"Posthuman Aesthetics" Online Course Preview 3: Normality and Enhancement
This is a preview of one of the lectures from our open online course Posthuman Aesthetics.
My module at the Posthuman Aesthetics Open Online Course considers two drivers of change for humans: enhancement and normality. When considering ideas of future humans, and in particular the imagery that literature, comics and film provide, all kinds of possible enhancements are “tested”, often suggesting that what seemed like a great idea – bigger brains, longer lives, stronger muscles, integration with machines – could turn out to be quite terrible. The concept of normality often flies under the radar, but it could in many ways be just as problematic as visions of enhancement as the experience of a shrinking idea of what counts as normal become more and more present. Consider how narrow the spectrum for a perception of normal height is? Beyond 10-15 centimeters one is either tall or short. And such ideas of the normal affect social relations on many accounts as well as desires to control normalcy.
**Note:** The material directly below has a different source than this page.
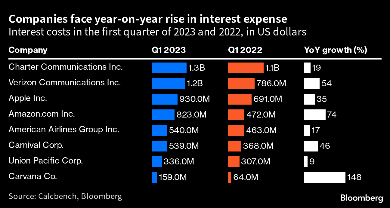 Electronics giant Apple Inc. and telecom provider Verizon Communications Inc. are among the corporations that have seen their interest costs surge. In the case of Verizon, interest expense soared to $1.21 billion in the first quarter from $786 million in the same period a year earlier. ย

In both cases, the enhanced and the normal, it is obvious that aesthetics play a key role. In fictions of the future but certainly also in the ways people at present are willing to manipulate their bodies or make choices for their futures offspring. What I will suggest – and discuss – is the value of imperfection in this situation, which can be made only taking in the aesthetic value (in its broadest sense) that we constantly “negotiate” with ourselves and the world around us through the choices we make and the art and fiction we appreciate.